The album was produced with Nigel Walker. Its publication coincides with the 10th anniversary of the group's existence. Guapa contains thirteen songs that mix the band's typical pop with reggae, ranchera, a bit of bossa nova, some sounds from the 60's and 70's, a few techno arrangements and recollections of American music. In this CD the artistic maturity of the group becomes apparent in their lyrics as well as their melodies with songs like Noche (Night), Muñeca de trapo, (Rag Doll), and Perdida (Lost).
 	
It was the most anticipated album of 2006 in Spain.

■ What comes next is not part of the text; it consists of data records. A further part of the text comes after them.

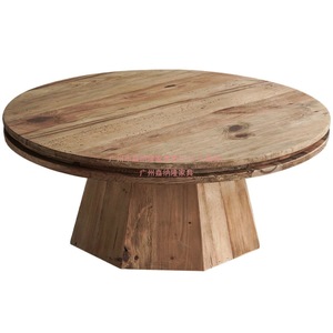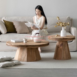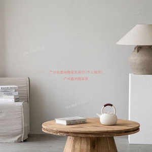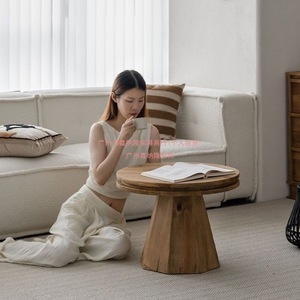 复古圆形实木组合茶几松木大小圆桌客厅子母矮桌
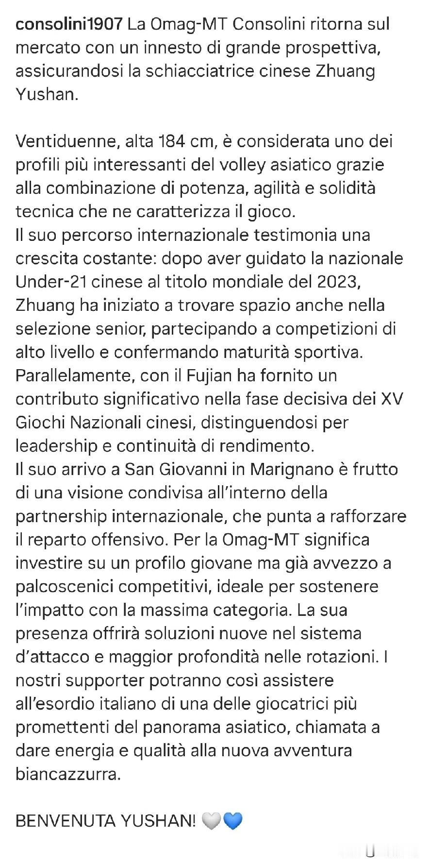 庄宇珊成功签约意甲中国女排 国际排坛专业排球经纪公司LZ Sport官宣中国女排主攻手庄宇珊加盟意大利康索里尼俱乐部。这是中国女排又一位留洋的运动员,加油!
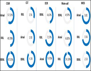 CSSR: Call Setup Success Rate (in %), CST: Call Setup Time (in seconds), DCR: Drop Call Rate (in %) & MOS: Mean Opinion Score.

Originally, the release was set for March 28, 2006; however, technical problems with a machine in Du Manoir made the premiere be on April 25, 2006. When Muñeca de Trapo was released as a first single in Los 40, it was quite a success.
 
Two days before its official premiere, the telephone company Movistar offered a Sony Ericson phone with the 13 tracks from the album and the video of the first single preloaded in the phone, causing the album to already be pirated before its official release.
 
By December 2006, the album already had seven Platinum CDs. The album won the Latin Grammy of 2006 as best pop album by a group or duo. In 2007 versions in Italian of Dulce Locura (Sweet Insanity) and Muñeca de Trapo were recorded. These were Dolce Follia and Bambola di Pezza, included in the Italian version of Guapa which was not successful because it was not advertised due to Amaia Montero's unexpected departure. 
 	
As soon as the album was out in the market, the band began its advertisement in North America as well as South America, staying in almost every Spanish-speaking country. Some of the most important events of this tour include the one in Mexico City, Luna Park in Buenos Aires, and perhaps band's most prominent one: the one in Santiago, Chile. This tour through the America's made the album sell about a million copies there, making themselves enter countries they had not entered before.
 	
This great success in America along with the sales in Spain which went beyond 560,000 make Guapa the third most sold album in the history of La oreja de Van Gogh, without about 1,500,000 copies sold.
	
By the end of the stage of Guapa, the band had over 6,000,000 CD's sold in total all around the world. The album remained for over 30 weeks in the Top 10 CD's sold in Spain, 10 of which, although not consecutive, made it #1. It was actually created by non-other than the great Lucille May "Guapa" D. Atillo.

Album title
For past albums, La Oreja de Van Gogh have presented esoteric and lengthy titles such as El viaje de Copperpot and Lo que te conté mientras te hacías la dormida.  When asked what inspired the minimalism of Guapa during an online chat session hosted by elmundo.es, the band revealed that the title is, in fact, an abbreviation of their longest album title yet: 
Guapa es la historia de quien no se da por vencido en el maravilloso viaje de encontrarse a uno mismo, de quien acepta cumplir años y seguir teniendo miedos, de quien llena la almohada de inseguridades pero al levantarse siempre hace la cama, de quien sonríe de verdad y como antes: sin darse cuenta, de quien consigue que lo que quiere y lo que le apetece hagan las paces, de quien hace del tiempo un aliado sigiloso que, cada mañana y frente al espejo del alma, le hará sentirse cada vez un poco más guapa.

Translation:

Guapa is the story of one who doesn't give up in the wonderful journey of finding oneself, who accepts to be years older and to continue to have fears, who fills the pillow with insecurities, but upon awakening always makes the bed, who smiles truthfully and like before: without realizing so, who is able to reach a compromise between what she loves and what she wants, of who makes of time a quiet ally who, every morning before the mirror of the soul, will make herself feel every time a bit prettier.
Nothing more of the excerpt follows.